Em busca do equilíbrio das forças
O curso de Licenciatura em Ciência da Computação tem a frequência de cerca de 300 estudantes. Mas a participação das mulheres não soma 40 meninas. A média segue uma tendência nacional em cursos de Ciências Exatas. Tanara Lauschner, membro da diretoria do programa Meninas Digitais, da Sociedade Brasileira de Computação (SBC), aponta dados da Pesquisa Nacional por Amostra de Domicílios (PNAD): “O percentual de mulheres ingressantes em cursos da área de tecnologia, em 2016, foi em torno de 10 a 12% e a maior parte delas abandonam o curso no meio”.
O desequilíbrio afeta o desempenho das meninas na universidade, que se intimidam diante da maioria masculina. Por isso, no final de 2015, as meninas da LCC organizaram um encontro, porque se viram em pouco número e dispersas no curso. Chamaram as professoras; entre elas, a professora Vanessa Dantas, que apoiou o projeto “IT Girls, o qual começou, oficialmente, em 2016.
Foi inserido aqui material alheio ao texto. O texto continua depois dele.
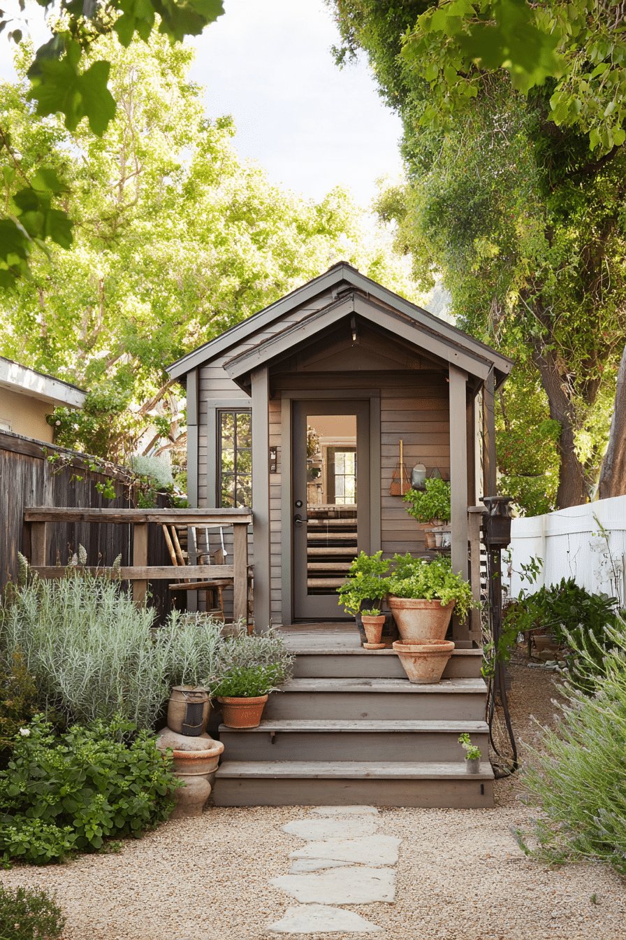 I love the tiny, secret-garden feel of this shed with its petite porch. The soft gray siding and weathered wood railing read timeless but relaxed, and those terracotta pots stacked on the steps add instant warmth and personality.

“O bom é que aqui, temos o corpo docente bem equilibrado, com mulheres em disciplinas chaves da computação. Mas no campus, víamos que as meninas sofriam assédio, intimidações. Inclusive, quando conseguimos a primeira bolsa para o projeto, destinada só para meninas, os meninos questionaram muito. A resistência foi muito grande. Agora vemos o quanto isso mudou: temos meninos participando do projeto”, explica a professora Vanessa.